#### [YOUR INSTRUCTIONS]
Your answer must be only the lines below from the one containing "Komoda Tokyo 2" through the one containing "あいさつの練習をした後、アルファベットの読み方、単語を何度も発音して覚えました。", copied exactly, with the pictures left out.

#### [SUPPLIED MATERIAL]
=== Section Start ===

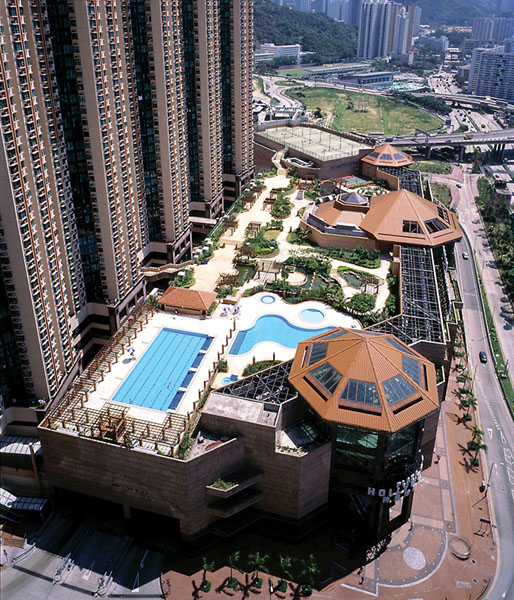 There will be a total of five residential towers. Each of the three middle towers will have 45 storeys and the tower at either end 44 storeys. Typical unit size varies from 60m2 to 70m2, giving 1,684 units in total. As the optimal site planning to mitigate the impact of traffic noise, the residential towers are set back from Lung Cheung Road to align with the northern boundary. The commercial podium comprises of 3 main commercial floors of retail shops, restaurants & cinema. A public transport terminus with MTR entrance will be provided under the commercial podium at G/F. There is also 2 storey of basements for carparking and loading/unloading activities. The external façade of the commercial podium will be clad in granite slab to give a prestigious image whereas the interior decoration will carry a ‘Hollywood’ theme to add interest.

=== Section End ===
=== Section Start ===

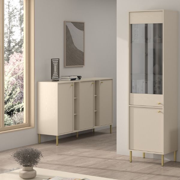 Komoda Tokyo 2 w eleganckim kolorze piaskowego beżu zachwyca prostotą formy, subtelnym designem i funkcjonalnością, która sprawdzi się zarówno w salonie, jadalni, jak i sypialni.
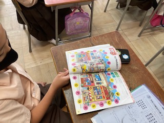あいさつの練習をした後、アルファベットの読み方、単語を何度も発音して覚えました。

=== Section End ===
=== Section Start ===

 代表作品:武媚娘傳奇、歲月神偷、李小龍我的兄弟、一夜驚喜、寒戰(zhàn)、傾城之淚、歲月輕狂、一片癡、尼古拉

=== Section End ===

#### [ANSWER SPACE]
 Komoda Tokyo 2 w eleganckim kolorze piaskowego beżu zachwyca prostotą formy, subtelnym designem i funkcjonalnością, która sprawdzi się zarówno w salonie, jadalni, jak i sypialni.
あいさつの練習をした後、アルファベットの読み方、単語を何度も発音して覚えました。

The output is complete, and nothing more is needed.